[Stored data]
>>
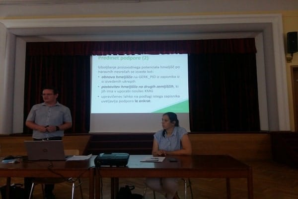 Agencija za kmetijske trge in razvoj podeželja je danes v Petrovčah vlagateljem in vnašalcem vlog predstavila javni razpis za podukrep 4.1 – Podpora za naložbe v kmetijska gospodarstva, ki je namenjen obnovi proizvodnega potenciala hmeljišč po naravni nesreči.
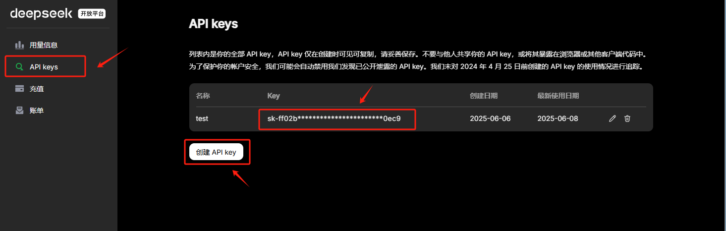 首先注册 DeepSeek 账号并获取 API Key( https://platform.deepseek.com/usage )。
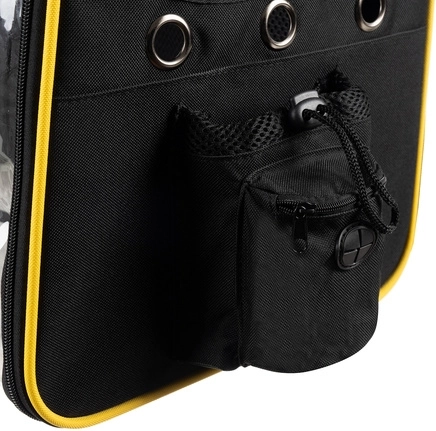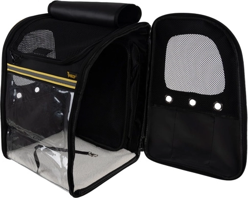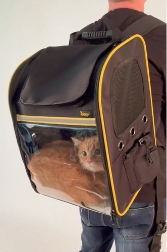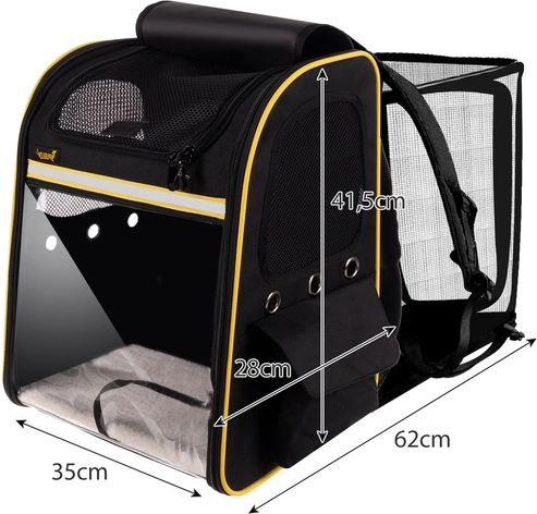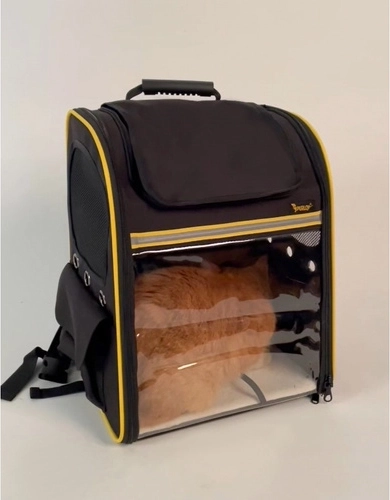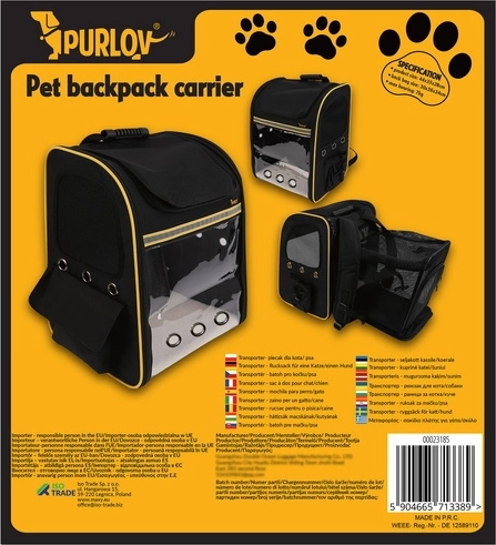 The stylish Purlov backpack carrier with a transparent window and expandable space offers your pet safety and comfort on the go. It features ample ventilation, an internal safety clip, a reinforced bottom, and comfortable straps with chest and waist belts for easy carrying.
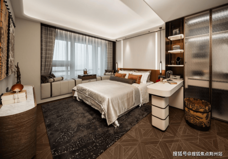 吊顶采用一体化大平顶加回型吊顶设计,并且在四个角均匀做了圆弧处理,让整个空间感更加和谐圆润。
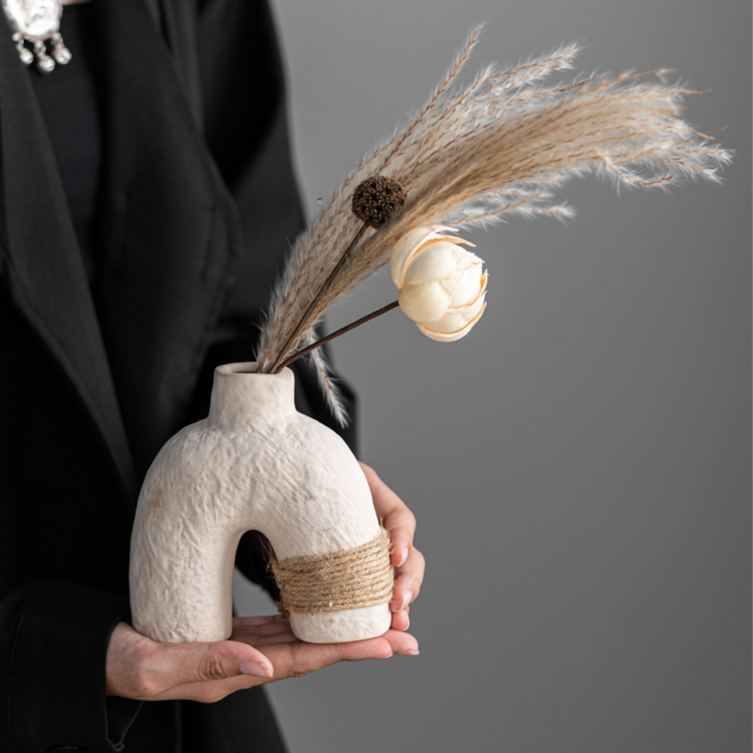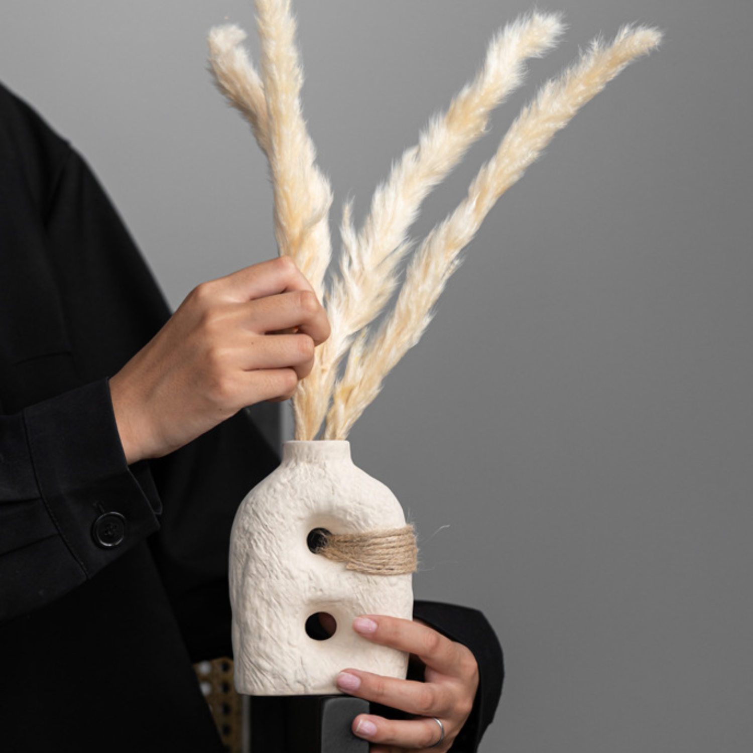 Cada florero presenta una forma abstracta y contemporánea, ideal para realzar la decoración de mesas, estantes, libreros o dormitorios. Su boca de líneas suaves permite colocar flores naturales o secas, convirtiéndolos en piezas versátiles tanto para el uso decorativo como funcional.
<<
#### Exercise
Exactly as they stand, the entries must be written out again, pictures excluded.

#### Exercise output
 Agencija za kmetijske trge in razvoj podeželja je danes v Petrovčah vlagateljem in vnašalcem vlog predstavila javni razpis za podukrep 4.1 – Podpora za naložbe v kmetijska gospodarstva, ki je namenjen obnovi proizvodnega potenciala hmeljišč po naravni nesreči.
 首先注册 DeepSeek 账号并获取 API Key( https://platform.deepseek.com/usage )。
 The stylish Purlov backpack carrier with a transparent window and expandable space offers your pet safety and comfort on the go. It features ample ventilation, an internal safety clip, a reinforced bottom, and comfortable straps with chest and waist belts for easy carrying.
 吊顶采用一体化大平顶加回型吊顶设计,并且在四个角均匀做了圆弧处理,让整个空间感更加和谐圆润。
 Cada florero presenta una forma abstracta y contemporánea, ideal para realzar la decoración de mesas, estantes, libreros o dormitorios. Su boca de líneas suaves permite colocar flores naturales o secas, convirtiéndolos en piezas versátiles tanto para el uso decorativo como funcional.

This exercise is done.